Stuff I liked: the movie parodies, obviously. Although I didn’t always get them. They’re not straight up parodies like the ones in Be Kind Rewind. Moreso they’d be a pun or wordplay off the title, not necessarily following the plot, and just highlighting the one joke. I did like that this kid knew his stuff when it came to movies, from the 400 Blows poster in his room to the Dawn of the Dead patch on his jacket, to the references he incorporated into his dialog. (My personal favorite was “”Captain Phillips pirates, not Pirates of the Carribean”” which is exactly the kind of thing I’d say).

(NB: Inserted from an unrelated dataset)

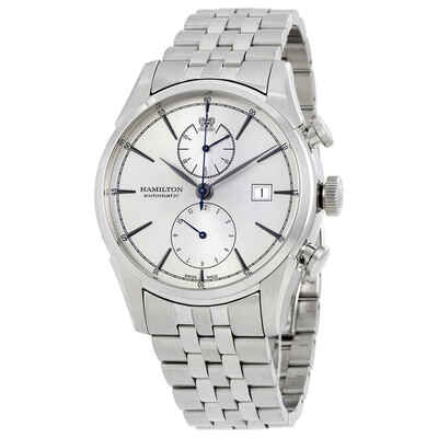 Hamilton H32416981 American Classic Spirit Liberty Chronograph Men's Watch, 42mm stainless steel case with a stainless steel bracelet, fixed bezel, sapphire crystal, automatic movement with 60-hour power reserve, chronograph function (two sub-dials for seconds and hours), date display at the 3 o'clock position, analog dial featuring grey hands and index hour markers against a silver background, minute markers on outer rim, scratch resistant sapphire crystal, fold over clasp with safety release, water resistant up to 50 meters / 165 feet, round shape, Swiss Made.

More stuff I liked: the cast. Specifically Thomas Mann as Greg. Here was a high school kid that I could actually stand, and who was just the right level of indie movie quirky (he kind of had a Juno vibe, with less quotable dialog). Actually both Greg and Rachel were incredibly tolerable for high school kids, and they had a couple of intense scenes that they handled with aplomb. There were a couple fun adults in the mix, including Nick Offerman, Jon Bernthal, Connie Britton, and Molly Shannon.

So what didn’t work? Something was off with the pacing. I’d be into things as a whole, but the pacing of individual scenes was awkward and slow (the adults were particularly awkward). The ominious tone surrounding Rachel’s illness didn’t help that much. Still, I’d take a story of friendship in the wake of illness over one of romance during illness *cough**cough*Fault-In-Our-Stars*cough*

Ultimately there was more to like than not, and I applaud how fearless it was in tackling some heavy themes. Sure, there were some things that could have been done better, but for a nice summer indie, it was fun.

Me and Earl and the Dying Girl – \m/ \m/ \m/”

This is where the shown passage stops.